What needs to be done: The answer should hold only the lines from the beginning of the listing below to the line containing "Gambar 4.6 Tampak", both included, with every picture left out.

======== Raw data ========

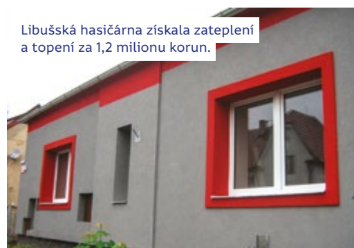
Libušská hasičárna získala zateplení a topení za 1,2 milionu korun.
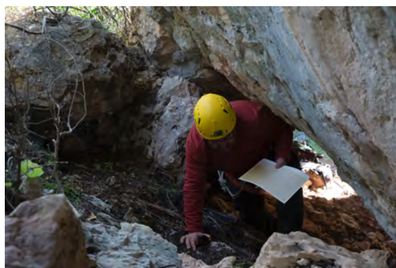
Fig. 100. Labores de inspección de Enredaderas II (izquierda) y acceso desde Enredaderas I (FR).
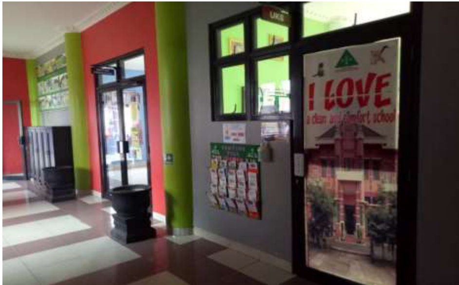
Gambar 4.6 Tampak Depan Ruang UKS TK Negeri Idaman Banjarbaru

berada di UKS, anak-anak yang berkunjung melakukan berbagai kegiatan mulai dari penyambutan anak-anak yang berkunjung, membacakan cerita, pengenalan alat-alat, praktik menggunakan alat kesehatan, dan pengenalan jenis-jenis obat. 2
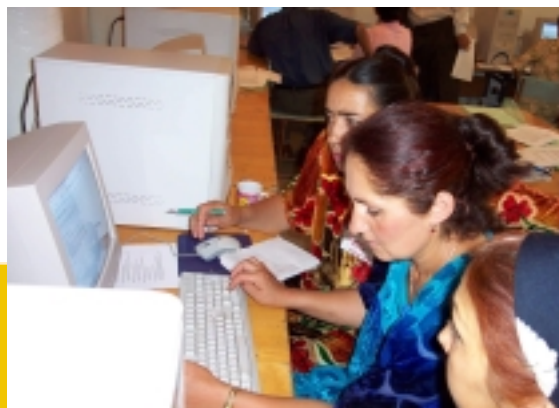
Ведущие Преподаватели планируют свою деятельность Лагеря по Английскому Языку
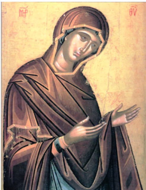
Παναγία δεομένη - Μεγάλῃς Δεήσεως- ἔτος 1542

Ὁ συγκεκριμένος φυσιογνωμικὸς τύπος τῆς Παναγίας, μὲ τὴ γλυκύτητα τῆς μελαγχολικῆς ἔκφρασης, καὶ ἡ τεχνικὴ τῆς ἐκτέλεσης ἔχουν καὶ πάλι τὴν καταγωγὴ τους στὴ ζωγραφικὴ τοῦ Ἀγγέλου, ὅπως μπορούμε νὰ τὸ διαπιστώσουμε, συγκρίνοντας τὴν Παναγία τῆς Μεγάλῃς Δεήσεως μὲ τὴν Παναγία ἀπὸ τὴ Δέησι τοῦ Ἀγγέλου στὴν Ἁγία Μονὴ Βιάννου τῆς Κρήτης.
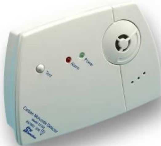
Kuva 1. Häkävaroitin SF450EN kuvattuna edestäpäin.

Laitetta tulisi testata kerran kuukaudessa painamalla ja pitämällä ”Test”-painiketta alaspainettuna vähintään 5 sekunnin ajanjakson. Mikäli laite toimii testissä normaalisti sen vihreä valo syttyy päälle, punainen alkaa vilkuttaa ja hälytyn antaa ääntä.
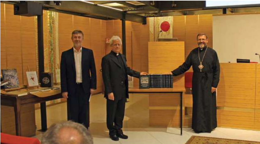
2019 р., 7 вересня, Рим. Представлення в Папському східному інституті 20 книг видавничої серії «Київське християнство»
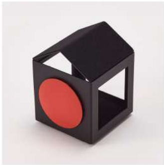
smartphone stand color: silver/black size:w85×h110×d92mm material: steel,silicon
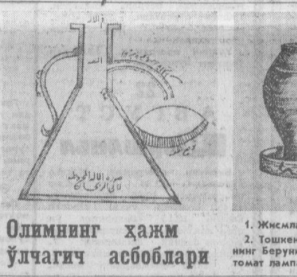
Олимнинг ҳажм ўлчигич асбоблари

чининг ўзи ҳам севиб мақтайдди. Агар ўз саринингизга бўлса ҳам рост гапиринг. *** Пулнинг нотўғри иш- латилиши туфайли ёвуз- лик келтирувчи бойлик юзига келади. *** Зўрлик ва ёлғаш орка- ли амалга ошадиган мажбурий меҳнат до- ми ва туғри эмас. *** Душманлик ва ҳасрат кечиш ҳамма бир текиб бўлгандагина йўқ бўла- ди. *** Менинг бутун фикри- едим, қалбим билан тартиб қилишга қар- ратилган, чунки мен Балки ортинги лаззати- дан баҳраманд бўлиш- дан Бунин мен ўзим учун катта бахт деб ҳисоб- лайман. *** Яхшилик барча одам- ларга баб-баравар, ҳу- сустан, ўз ақлига ях- шилик қилишнинг аниқла- ди: ожиз бўлса яхши орзу-тилкалар билан, кодир бўлганда моддий ёрдамга иятилиш наил қилинади. *** Илмлар кўндир, улар замон ўтиши, иқболни рив- ожига туфайли турли фиқр ва хотирлар кў- чилиши йил кўпаяди. *** Фанларнинг фойдаси улар ёрдамида опти ва кумушларни қўлга ки- ришти эмас, Балки улар туфайли зарур нарсалар- га эришишдир. *** Инсон ҳайвондан ақл билан фарқ қилади. *** Эҳтиёжлар турли-ту- ман ва сон-саноксиздир. Шоақат уларни бир қанча кишилар биргалликда таъминлай олишлари мумкин. Бунинг учун кишиларда шахар яратиш зарурияти туғилади. *** Инсоннинг кадр-қис- мати ўз вазифининг эълон даражада бажа- ришдан иборат, шунинг учун ҳам инсоннинг энг асосий вазифи ва ўрин моҳнат билан белгила- нади.
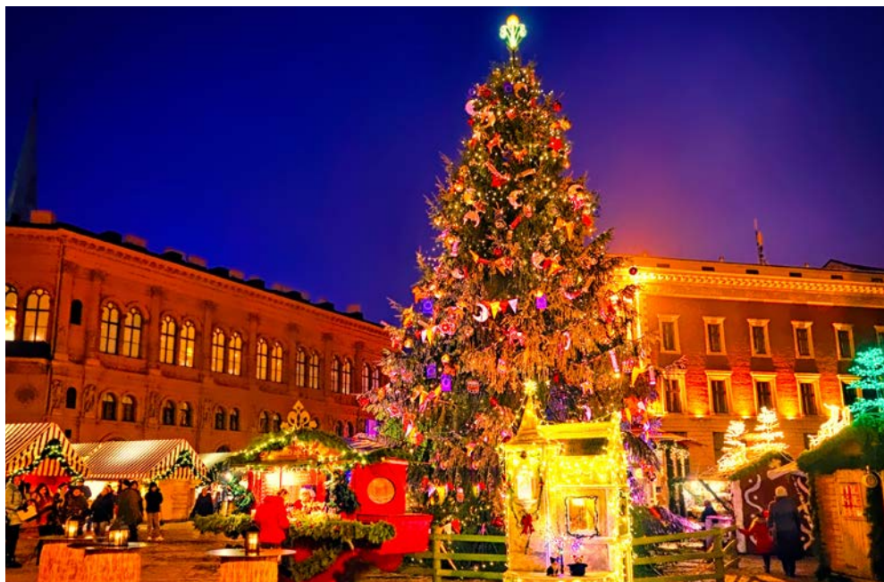
Weihnachtsmarkt am Domplatz

Am Abend erwartet Sie ein Besuch in der Nationaloper von Riga, wo Sie das wunderbare Ballett „Der Nussknacker“ von Pjotr Tschaikowski (Reise am 03.12.) oder die Oper „AIDA“ von Giuseppe Verdi (Reise am 10.12.) genießen.
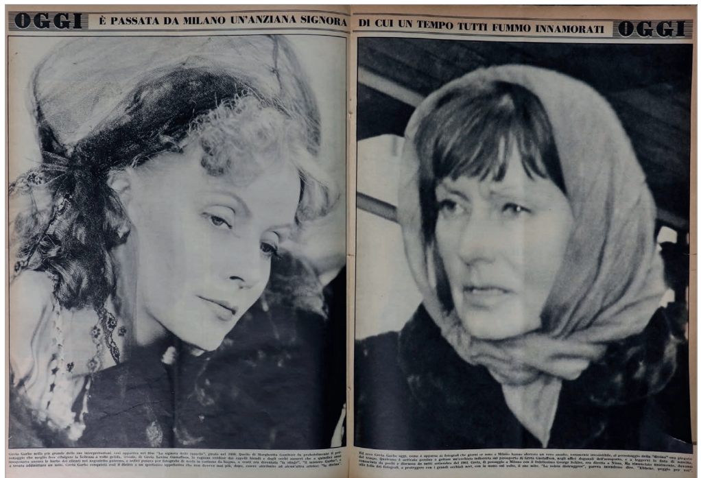
Fig. 3 - “È passata da Milano un’anziana signora di cui un tempo fummo tutti innamorati”, «Oggi», a. XVIII, n. 8, 22 febbraio 1962.

desiderabile ( Si risposa Lola Lola 56 , Invidia a... Marlene Dietrich 57 ), mentre il racconto della maturità di Garbo è tutto orientato in negativo, evocando immagini di sterilità e isolamento («La triste signora senza amore», con il «suo destino di solitudine interiore [...] ha pagato il suo successo con l’infelicità» 58 ). Due strategie sembrano allora concorrere a definire il divismo senile qui analizzato: la resistenza e la resa, reazioni entrambe che erompono in un regime segnato dalla forte conflittualità. All’invecchiamento visibile, in cui i segni del tempo sono palesi, corrisponde l’invisibilità dell’interprete, mentre la piena esposizione è concepibile solo laddove l’invecchiamento corporeo sia stemperato, occultato e vinto. Nelle sue declinazioni divergenti, la maturità femminile è comunque percepita come un fenomeno di deterioramento fisico e psichico, in opposizione a quella maschile ritenuta sovente un accrescimento in termini di esperienza, saggezza, fascino: basti menzionare titoli di articoli come I nuovi dongiovanni: tanti anni e pochi capelli 59 ; Gassman: ho avuto tre figli da tre mogli ma non ho chiuso, anzi 60 ; Con le rughe si seduce meglio 61 ; Sto vivendo la mia terza giovinezza 62 ; Perché tante ragazze sposano uomini che potrebbero essere loro padri? 63 .
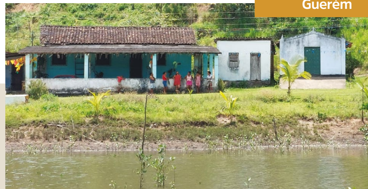
FIGURA 10: Sítio Cajazeiras (Guerém)

“O nome do lugar Guerém vem de um passarinho, um tipo de papagaio, ‘Guerrém’, e que talvez seja a linguagem dos mais velhos que ao invés de chamar ‘Guerrém’, começou a chamar Guerém.”
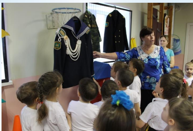
Знакомство с формой разных родов войск
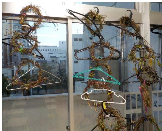
↑ 去年のリースの写真（イメージ）
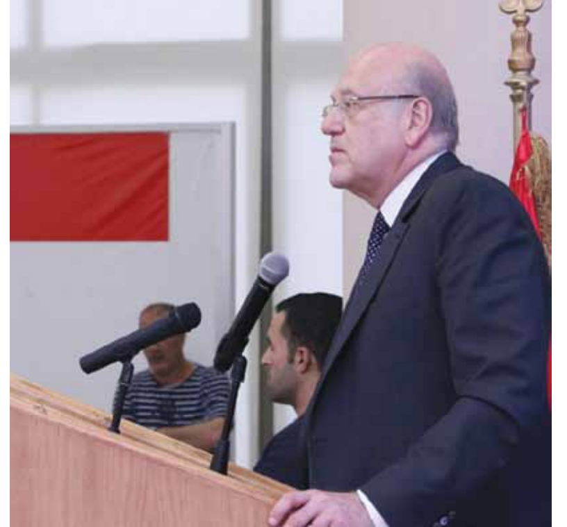
الرئيس نجيب ميقاتي يلقي كلمته

معوّض. وهذه الخطة تشكّل المحور الأساسي للكتاب وستتابع تطوير كافة المشاريع الإنمائية ليتعزز دور ومكانة طرابلس في عملية الإنماء والنمو والنهوض الإقتصادي الشامل».

========

Solution to the exercise:
Libušská hasičárna získala zateplení a topení za 1,2 milionu korun.
Fig. 100. Labores de inspección de Enredaderas II (izquierda) y acceso desde Enredaderas I (FR).
Gambar 4.6 Tampak Depan Ruang UKS TK Negeri Idaman Banjarbaru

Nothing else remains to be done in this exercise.